Je ne sais plus où j'étais, à quelle heure, quelle saison... Il y avait une foule d'ombres connus, peut-être autour d'un banquet, peut-être sur la pelouse soignée d'un golf – ce pouvait être en mille endroits différents... Ma seule certitude c'est Elle. Elle était là, à portée le voix – à portée de lèvres –, elle était là. Il y avait moi, pas plus sot qu'à l'ordinaire, pas plus hardi. J'attendais un geste, j'attendais un silence, un regard ; le même bal, toujours. C'était peut-être un banquet, quelque jour de fête. La fin de mes espoirs, qui sait.
Il était là aussi. Droit, le menton impeccablement carré, l'œil profondément bleu, la mèche improbablement cendrée – pourquoi lui ? Il devisait en une langue muette, récitait des prières sacrilèges, brûlait déjà de jubilation devant le complot à accomplir, l'infâme ! Elle était là. J'étais là aussi. Je ne le savais pas, je n'avais d'yeux que pour elle.
Tout s'est joué très vite.
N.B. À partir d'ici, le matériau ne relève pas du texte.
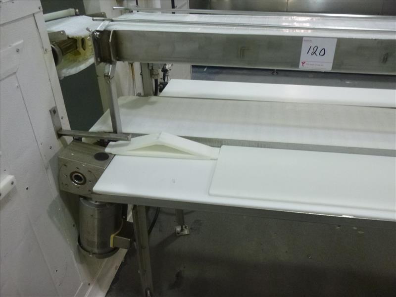 inspection bench w/ conveyor, s/s, powered, interlox belt, approximately 10 in. x 6 ft. inclined, 10 in. x 12 ft. top and 14 in. x 176 in. bottom c/w 1 hp wash-down motor

J'étais parti, revenu ; le banquet levait le camp. Ils étaient là. Corps à corps. Lèvre à lèvre.
Ô mémoire, ô matin de tendre guerre, à lutter contre le souvenir, à n'en garder que la marque brûlante et la honte de soi ! Ils étaient l'un à l'autre, elle buvait à sa bouche le petit lait des jours heureux. Et moi je rengorgeais le vin amer de mes regrets, la seule salive qu'il m'ait jamais été donné de sécréter, la saveur même de l'amour...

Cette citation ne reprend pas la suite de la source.